William Tanksley, Jr — 2008-06-19 13:27:46

John Nowak <john@...> wrote:
> I'm not really sure what I'm asking here. Perhaps I'm just looking for
> a gut response to the C2R proposal. If anyone has any thoughts, I'd
> very much appreciate them. This is the last "big decision" for 5th
> before I can release something.

Well, you've got my sympathy... That's an unfortunate dilemma. It
looks like this model of a first-order language works very poorly with
concatenativity. It this purely a result of this model -- might it be
possible to partly solve this by other means?

I'm not coming up with any enlightenment. Forth solves this with a
full macro system, which is WAY too powerful. Would it be possible to
define some kind of pseudofunctional that can be called from inside a
functional to mean "lift a stack item into here"? My mind is rebelling
from this, so it's probably a really bad idea. I can't tell.

> - John

-Wm

John Nowak — 2008-06-19 15:24:52

On Jun 19, 2008, at 9:27 AM, William Tanksley, Jr wrote:

> John Nowak <john@...> wrote:
>
>> I'm not really sure what I'm asking here. Perhaps I'm just looking
>> for
>> a gut response to the C2R proposal. If anyone has any thoughts, I'd
>> very much appreciate them. This is the last "big decision" for 5th
>> before I can release something.
>
> Well, you've got my sympathy... That's an unfortunate dilemma. It
> looks like this model of a first-order language works very poorly with
> concatenativity. It this purely a result of this model -- might it be
> possible to partly solve this by other means?
>
> Would it be possible to
> define some kind of pseudofunctional that can be called from inside a
> functional to mean "lift a stack item into here"? My mind is rebelling
> from this, so it's probably a really bad idea. I can't tell.

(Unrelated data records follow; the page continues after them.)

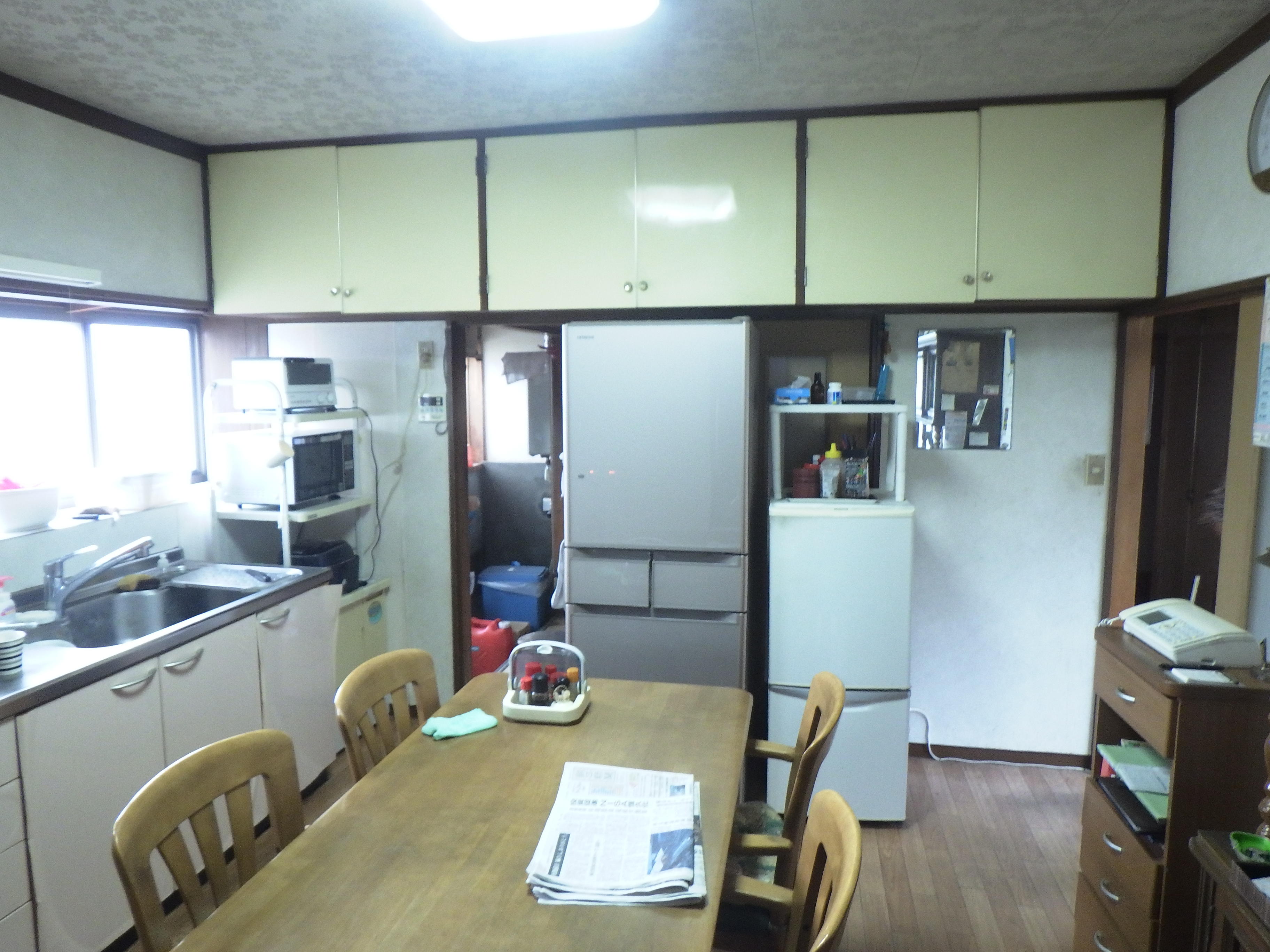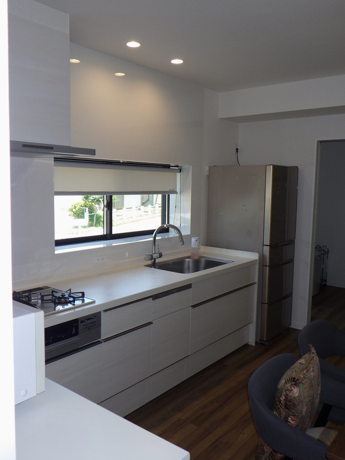 LIXILシステムキッチン「シエラS」対面、L型などいろいろなキッチンのご提案をしましたが、最終的に使い慣れた勝手は変えずに、既存と同じ壁付けのキッチンに落ち着きました。レンジなど家電置き場は、コンロの脇にL型のカウンターを造作し、スッキリと。カウンター下はオープンなので、既製品のカゴを置いたりゴミ箱などの置き場にも出来ます。今までは、台所に冷蔵庫が2つあり、ダイニングテーブルと大きな食器棚も置かれていたので、スペース的にも余裕がありませんでした。もともと台所の隣に4.5帖の納戸があったので、そこをパントリーに改装し、可動棚を設置。2台目の冷蔵庫や普段使わない食器、食品のストック置き場としました。
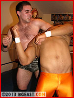 In a climactic finish (and we mean "climactic" in every sense), The Mastodon gives Marc two options: He can choose to be knocked out in a rear naked choke (and we do mean "naked") or to jerk himself off while clamped between the Mastodon's thick, hairy thighs. It's hardly a choice at all, as Morgan holds all the chips (and all the spandex, too). But did we really just say "finish"? Because it's hard to believe that Morgan "The Mastodon" Cruise can ever get enough of humiliating and battering such a beautiful humpy sex object as Marc "Muscles" Merino. Who can blame him? Would YOU pass up such an opportunity?
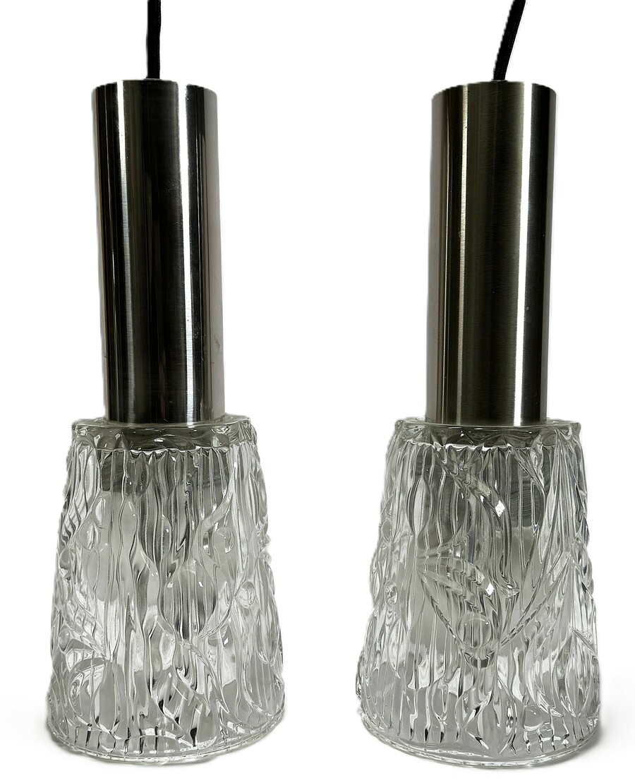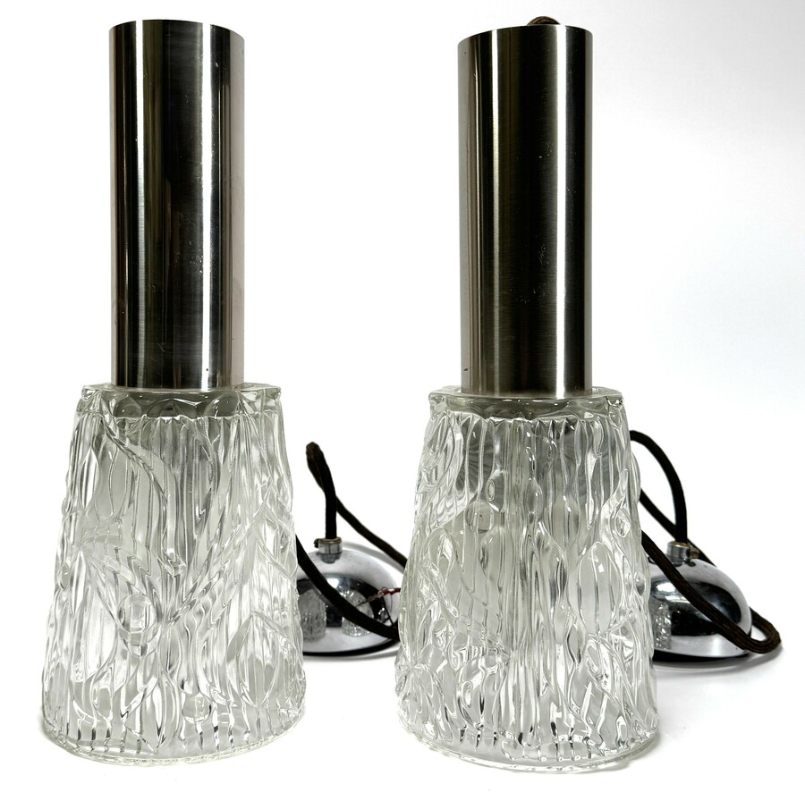 Twee Mid-century modern hanglampen, vervaardigd met persglas techniek en metaalbewerking. Het glas heeft een ruwe "ice glass"-textuur en is bevestigd aan een strakke cilindervormige metalen fitting. Daterend uit de periode ca. 1965–1975 en van West-Europese herkomst. Klaar om te bieden? Registreer je nu en doe mee aan de veiling! |
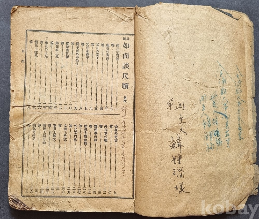 상태: 표지에 당시 소장자의 성함(한종복 樣)과 메모가 남아 있으나,
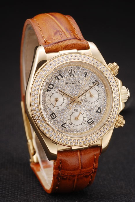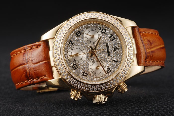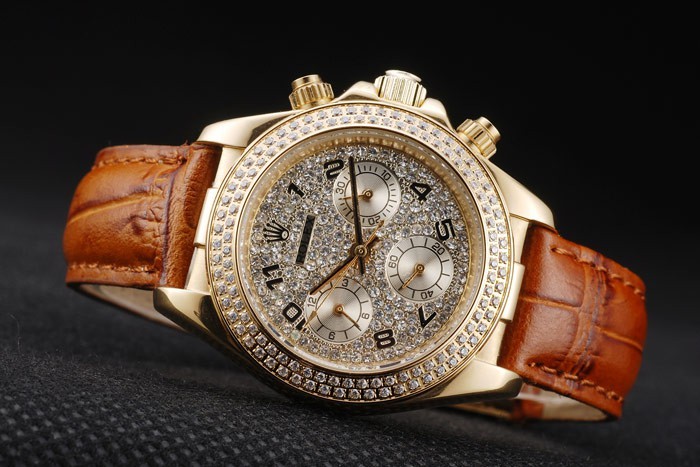 クラウン:ロレックスのロゴとその両側に2つの小さなカットワークプッシュボタン冠と18Kイエローゴールドのカットワークの王冠
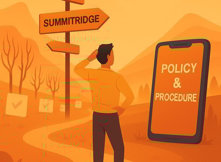 Disclaimer: SummitRidge is an independent organization and is not affiliated with the Centers for Medicare & Medicaid Services (CMS), any federal or state government agency, or any accrediting organization. All content and services provided are for informational and support purposes only and do not represent official government or accreditor endorsement. Compliance programs vary by package. Please review your selected package for included compliance levels.
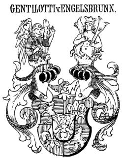 | Wappen derer von Gentilotti zu Engelsbrunn | de:Moritz Maria Weittenhiller , de:J. Siebmacher’s grosses und allgemeines Wappenbuch , IV. Band, 6. Abteilung; Der Salzburgische Adel, 1883, S. 18, Tafel 7 | Johann Siebmacher | Datei:Gentilotti-Wappen Sm.png | |

Such an approach is the only way I can think of to solve the problem.
Unfortunately, such an approach is also impossible (or, at least,
requires far too much magic to be worth it). I could give some
examples that demonstrate this, but you probably already have a good
intuition for why this can't work.

I should note that a postfix language based on term rewriting is
actually a very nice thing! I'm not exactly disappointed to be in this
situation; it's just something of a surprise.

I should also note that allowing the programmer to define things in
terms of rewrite rules doesn't complicate the language. The reason is
that you need some notion of substitution in order to make sense of
the language primitives in the first place.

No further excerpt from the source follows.